Another suicide bombing, this time in Haifa

Another suicide bombing, this time in Haifa earlier today - 19 people killed, including "three children, a baby girl, three members of the same family and four Israeli Arabs." Will this ever end? The Ha'aretz editorial, entitled "Awful Days" (a pun, because these are the "awe-filled days" between Rosh Hashanah and Yom Kippur -- the "Yamim Noraim" in both cases) calls for "With the help of the international community, led by U.S. President George Bush, they [Israel and the Palestinian Authority) must fulfill the obligations they assumed with the road map and remove the religious extremists and those thirsty for blood. The blood of the victims of the bombings and [Israeli] assassinations cry out to them - enough is enough!" A sane and moderate call that will probably be ignored by both sides.

Uzi Benziman, also in today's Ha'aretz, predicts a dismal future if both peoples refuse to recognize each other's legitimate rights.
The lesson to be drawn from the last three years is that the two sides refuse to relinquish the original sources of the dispute - the Palestinians are unwilling to give Israel unconditional recognition of its right to exist; Israel refuses to abandon its conquest, and it continues to expand the settlements while it negotiates with the Palestinians about a peace settlement.

The violent conflict stems from these obstinate starting positions. As though to offset the grueling experience the Israeli public suffers after each terror attack, the Palestinians provide evidence about the grim results of preventive anti-terror actions and assassinations carried out by Israel. This balance of atrocities does not exempt Israel from its obligation to change the course on which it has deviated since the 1967 Six Day War.
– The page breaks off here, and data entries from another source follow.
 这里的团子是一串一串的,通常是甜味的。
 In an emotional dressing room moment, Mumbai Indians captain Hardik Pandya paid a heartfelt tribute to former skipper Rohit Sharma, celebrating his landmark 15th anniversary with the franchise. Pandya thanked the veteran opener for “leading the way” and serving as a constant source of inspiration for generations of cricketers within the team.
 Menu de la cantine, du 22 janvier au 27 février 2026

Seen from the historical point of view, the occupation of the territories is a justifiable result of Arab aggression and attacks on the state of Israel. The 1948 Independence War and the 1967 Six Day War expressed the Arab peoples' refusal to recognize the Jewish people's right to establish a sovereign state on a small piece of territory in its historic homeland.
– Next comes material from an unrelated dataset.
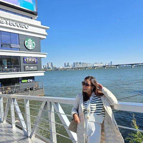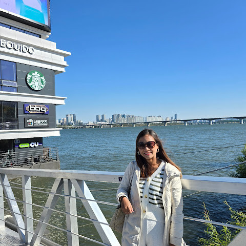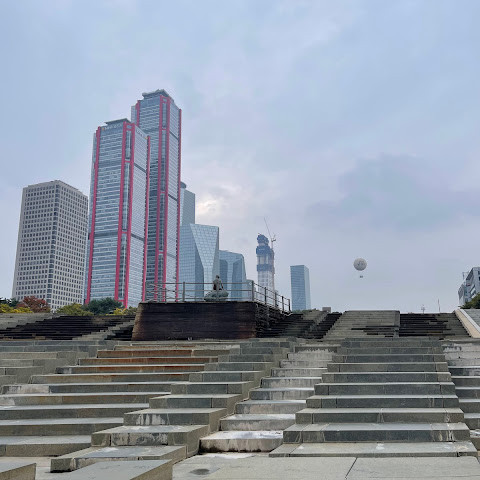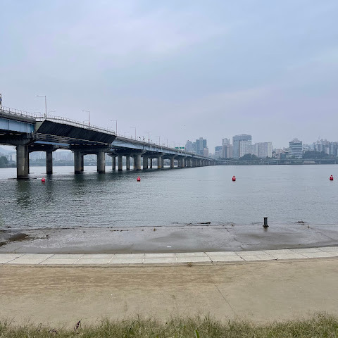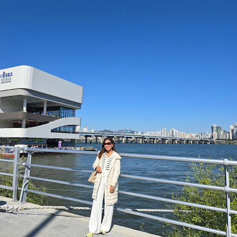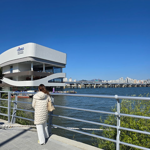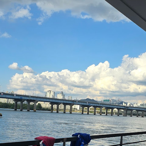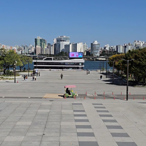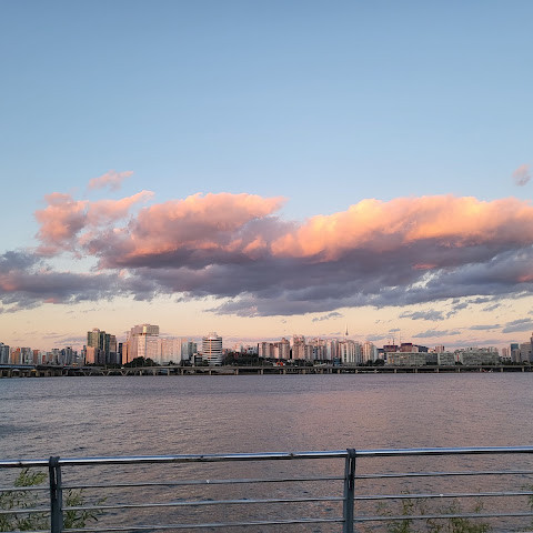 리버사이드의 한가운데에 있다는 점이 마음에 들어요. 서울의 다른 지역이 내려다보이고, 시원한 바람과 사람들이 앉아서 즐길 수 있는 의자가 있어요. .. 많은 사람들이 거기서 피크닉하는 것도 봤어요. 거기에는 수상 상점들이 몇 개 있어요... CU 라면 도서관... 리버사이드에서 맛있는 국수를 먹을 수 있어요!

In retrospect, it appears that the use made by the state of Israel of its military success in 1967 has transmogrified, and become a threat to its own existence. Territories which Israel occupied and settled present a demographic threat, a security danger, an economic burden and a diplomatic problem. The effects of the occupation have maddened decision making processes undertaken by the leadership, scrambled public ethics in the country, and distorted values held by a number of constituencies in the state.
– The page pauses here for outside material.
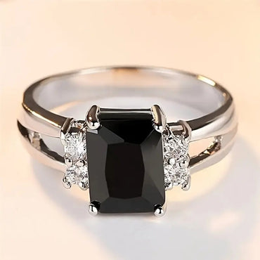 1pc Exquisite Halo Ring Inlaid Square Cut Shiny Silver Plated Sea Black Zirconia Elegant Anniversary Gift Proposal Engagement Women's Wedding Ring

The occupation is a circumstance which must be brought to an end so as to preserve the state's moral fiber, and its capacity to survive. Should Israel's control in the territories persist, processes that cause the two sides to clash will intensify, and this fighting will eventually exhaust resources needed by both.

The recent decision reached by the government regarding the construction and placement of the separation fence reflects its hasty, imprudent thinking. What was once a legitimate defense measure that emerged as a result of murderous terror attacks like the one in Haifa yesterday, has become a lever for land-grabbing.

The government is wrong to believe that its sophistic explanations will dupe the world, and that the Palestinians will placidly accept the suffering caused by the places chosen for the fence to stand on.

The separation fence is designed to eliminate prospects for a viable Palestinian state. For this reason, settler leaders have accepted it with equanimity. Under the design endorsed by the government, the fence will create a South African reality whose result is easily predicted.
For a time I thought that the separation fence was making the best of a bad bargain - since negotiations were going nowhere, at least build a fence that would give Israelis more physical safety. But with the way that the Sharon government is using the fence to annex further West Bank land, and in particular the way it is being used to cut off Palestinian cities (for example, Kalkilya, which is now surrounded either by a wall or by a fence, and which can only be entered through one entrance, an Israeli checkpoint), I think that it is further driving Israel down a hellish path.